There were some Scots living in the colony earlier; before 1700, several Lowland Scots were present, and it is believed that Highlanders were living in the Cape Fear area as early as 1725. After Governor Johnston began to promote immigration into the colony, the first large group of Highlanders disembarked in September 1739. A party of 350 from Argyllshire, they made their way up the Cape Fear to settle in the Cross Creek area; the Cape Fear was convenient due to the ports of Brunswick and Wilmington, and the river for transportation farther upstream. In February 1740, two of the leaders of the Argyllshire colony appeared before the Colonial Legislature asking for special consideration for ”themselves and several other Scotch Gentlemen and several poor people brought into this province” and for “substantial encouragement, that they might be able to induce the rest of their friends and acquaintances to come over.” The Upper House responded favorably with tax exemptions and land grants, and the immigration to North Carolina continued. [Saunders, p. viii-ix; Duane Meyer, The Highland Scots of North Carolina (Raleigh, NC: Carolina Charter Tercentenary Commission, 1963), chapter III, “Settlement”; R.D.W. Connor, History of North Carolina, Vol. I (Chicago, IL: Lewis Publishing Co., 1919); digital transcription, ts/CBHHNC/1/10*.html : accessed 2018.] 

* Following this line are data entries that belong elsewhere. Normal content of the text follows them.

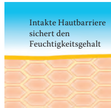
Intakte, schützende Hautbarriere mit Linol-säure-reichen Lipiden.

Besuchen Sie uns unter www.linola.de . Denn dort haben wir für Sie alle aktuellen Informationen über Linola Hautmilch , Linola Gesicht , Linola Hand und Linola Fuß-Milch sowie zu weiteren Linola-Produkten bei verschiedenen Hautproblemen bereitgestellt.
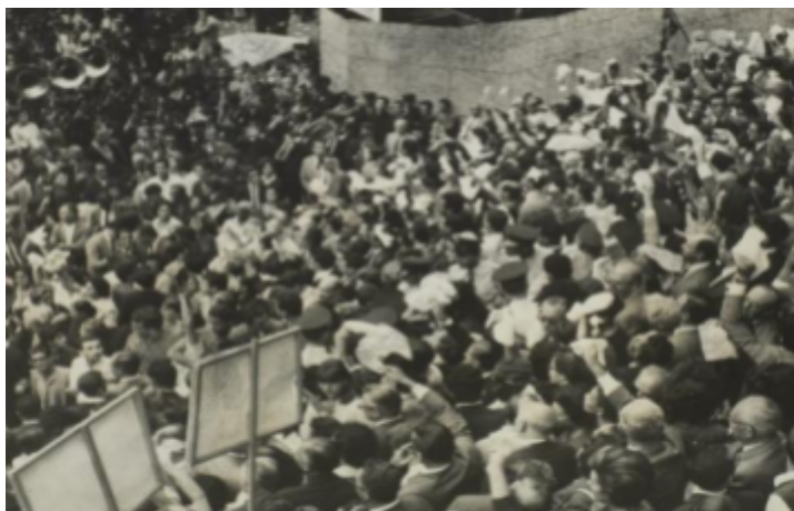
Figura SEQ Figura 1ª ARABIC 2 - Manifestantes na marcha pela liberdade em 19 de março de 1964 na Praça da Sé, em São Paulo

Os militares aproveitaram esse cenário de medo com uma eventual revolução comunista diante dessas medidas defendidas pelo governo Goulart, bem como o apoio dos empresários brasileiros, de parte da mídia e da igreja católica, que já tinha uma relação com o pensamento extremista de direita desde a década de 30, com os integralistas, destituem um governo legítimo e instituem uma ditadura militar.
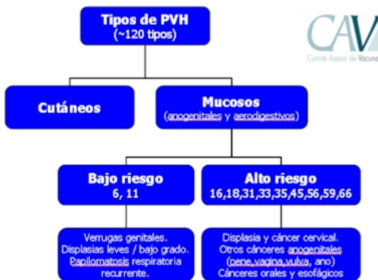
Comité Asesor de Vacunas de la AEP, 2007

Los PVH oncogénicos están también implicados en el desarrollo de otros tipos menos frecuentes de cáncer, como el de canal anal, vulva, pene u orofaringe ( Figura 2 ). 1,3,4,18,19 Por otro lado, la infección con virus considerados de bajo riesgo oncogénico, fundamentalmente los tipos 6 y 11, puede causar verrugas anogenitales (condilomas acuminados) y neoplasias intraepiteliales de bajo grado de vagina, vulva, cérvix, pene y ano. 1,6,7
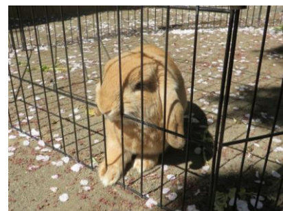
みみくんも、みんなが来るのを待っています
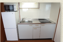
2口IHコンロ付キッチン
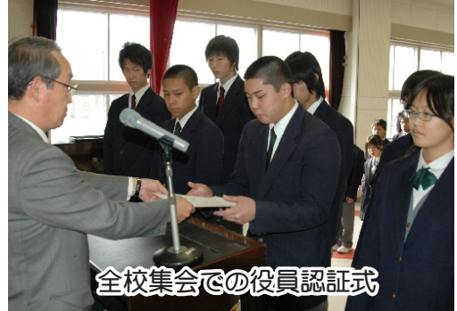
全校集会での役員認証式
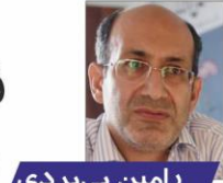
رامتین پی‌برداری کارشناس گردشگری
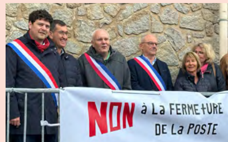
Manifestation contre la fermeture de la Poste de Donges en 2023 aux côtés de 200 habitants.

A l'initiative de mon groupe parlementaire, l'Assemblée nationale a adopté le 30 novembre une proposition de loi LFI garantissant un accès physique aux services publics . Face à une dématérialisation croissante, je me bats pour le maintien de services publics de proximité et humains (carte grise, carte d'identité, la Poste...). Chaque citoyen doit se voir proposer une alternative au numérique. Le texte doit désormais être voté au Sénat pour s'appliquer.
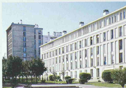
Résidence Victor-Hugo (1955–1957), Pantin, Paris, von Fernand Pouillon
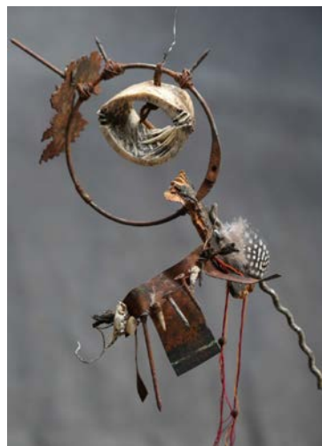
Kickema, Berlin 2015, sculpture mixed media (32 x 25 cm)
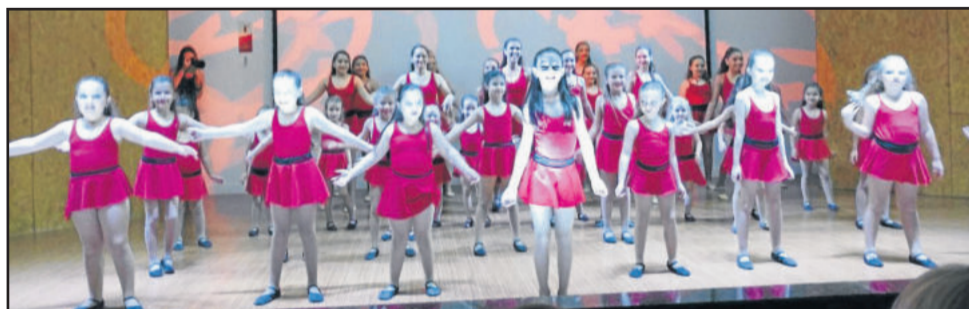
Bailarinas reunidas no início do show

cresça e possa realizar seus sonhos, em especial a todos que contribuíram também com a realização dos dois espetáculos de fim de ano. A professora destaca que foi um ano de um aprendizado sem tamanho, com famílias envolvidas em prol de um único objetivo: levar nossa Arte para a contribuir com um mundo melhor. Assim, a escola também prestou uma homenagem especial às famílias, pais, avós, dindas, todos que não mediram esforços para ser suas artistas brilhando e encantando o público. Nas duas noites, foi apresentado um videoclipe especialmente produzido para marcar a participação destas pessoas importantes na vida das bailarinas. O vídeo pode ser conferido na página da VF Produtora, que fez a produção, e da própria Escola Movimentu's Danças no facebook.
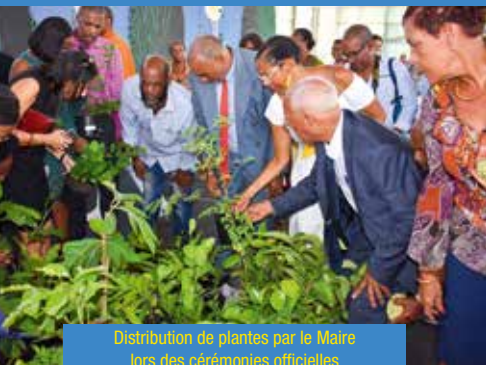
Distribution de plantes par le Maire lors des cérémonies officielles
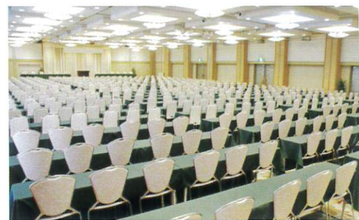
コンベンションホール鳳凰 (670㎡) スクール形式: 500席 / シアター形式: 930席
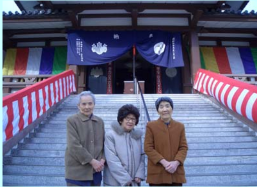
(初詣: 逗子大師延命寺にて)
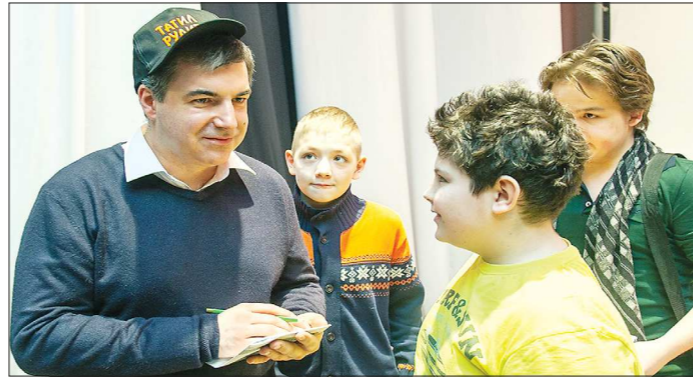
Из Нижнего Тагила Костя уехал в бейсболке с надписью «Тагил рулит!» и с расписным подносом. На прощание всем желающим раздал автографы, а молодым учёным пообещал прочитать их статьи и дать отзывы

На встречу выпускников нижегородского лицея №39 приехал профессор Манчестерского университета, лауреат Нобелевской премии по физике Константин Новосёлов.
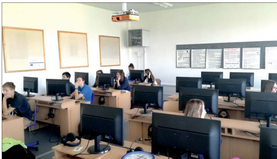
Nově vybavená jazyková a počítačová učebna.

Doba prázdnin je vždy dobou oprav a úprav. Ve školních budovách bylo i letos poměrně rušno. V budově základní školy proběhla rozsáhlá oprava sociálního zařízení v obou podlažích 1. stupně. Náklady se vyšplhaly téměř ke dvěma milionům korun.
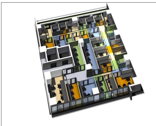
『MID POINT 川崎』執務エリア
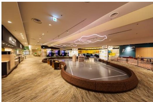
SUGINOI BOWL & PARK

既存の概念に留まらず付加価値を常に提供してきた杉乃井ホテルは、新たなマイルストーンの季節を迎えます。明日開業する「宙館」は、敷地内でのアクティビティを楽しみながら静かでのんびりとした温泉滞在を楽しみたい大人のお客さまにも新たなリゾートタイムをご提案します。同日オープンする「SUGINOI BOWL & PARK」では、ボウリング、ポッチャ、卓球、ダーツ、ビリヤード、カラオケ、デジタル射的など、多彩なアクティビティを満喫いただけます。昨年12月からは、水着で楽しむ屋外型温泉「アクアガーデン」において、水と光と音が織りなすダイナミックな新たな噴水ショー「AQUA DREAMS 湯街夢夜（アクアドリームズ ゆのまちゆめや）」がスタートし、最新鋭のナイトエンターテインメントショーをお楽しみいただいています。

Names associated with the 1739 party include McNeil, Forbes, Hamilton, Jones, and Campbel. “At a meeting of the council held at Wilmington, June 4, 1740, there were presented petitions for patents of lands, by the following persons, giving acres and location, as granted.” Note the prevalence of Highland names – do you recognize any from Outlander? 

Name. Acres. County.
Thos Clarks 320 N. Hanover
James McLachlan 160 Bladen
Hector McNeil 300
Duncan Campbell 150
James McAlister 640
James McDugald 640
Duncan Campbell 75
Hugh McCraine 500
Duncan Campbell 320
Gilbert Pattison 640
Rich Lovett 855 Tyrrel
Rd Earl 108 N. Hanover
Jno McFerson 320 Bladen
Duncan Campbell 300
Neil McNeil 150
Duncan Campbell 140
Jno Clark 320
Malcolm McNeil 320
Neil McNeil 400
Arch Bug 320
Duncan Campbel 640 Bladen
Jas McLachlen 320
Murdock McBraine 320
Jas Campbel 640
Patric Stewart 320
Arch Campley 320
Dan McNeil 105; 400
Neil McNeil 400
Duncan Campbel 320
Jno Martileer 160
Daniel McNeil 320
Wm Stevens 300
Dan McNeil 400
Jas McLachlen 320
Wm Speir ? Edgecombe
Jno Clayton 100 Bladen
Sam Portevint 640 N. Hanover
Charles Harrison 320
Robt Walker 640
Jas Smalwood 640
Wm Faris 400; 640
Richd Canton 180 Craven
Duncan Campbel 150 Bladen
Neil McNeil 321
Alex McKey 320
Henry Skibley 320
Jno Owen 200
Duncan Campbel 400
Dougal Stewart 640
Arch Douglass 200 N. Hanover
James Murray 320
Robt Clark 200
Duncan Campbel 148 Bladen
James McLachlen 320
Arch McGill 500
Jno Speir 100 Edgecombe
James Fergus 640
Rufus Marsden 640
Hugh Blaning 320 (surplus land) Bladen
Robt Hardy 400 Beaufort
Wm Jones 354; 350

“Occasionally, a list of emigrants has been preserved in the minutes of the official proceedings. Hence it may be read that on November 4, 1767, there landed at Brunswick, from the Isle of Jura, Argyle-shire, Scotland, the following names of families and persons, to whom were allotted vacant lands, clear of all fees, to be taken up in Cumberland or Mecklenburgh counties, at their option: 

Names of land grantees

These names show they were from Argyleshire, and probably from the Isle of Mull, and the immediate vicinity of the present city of Oban.” 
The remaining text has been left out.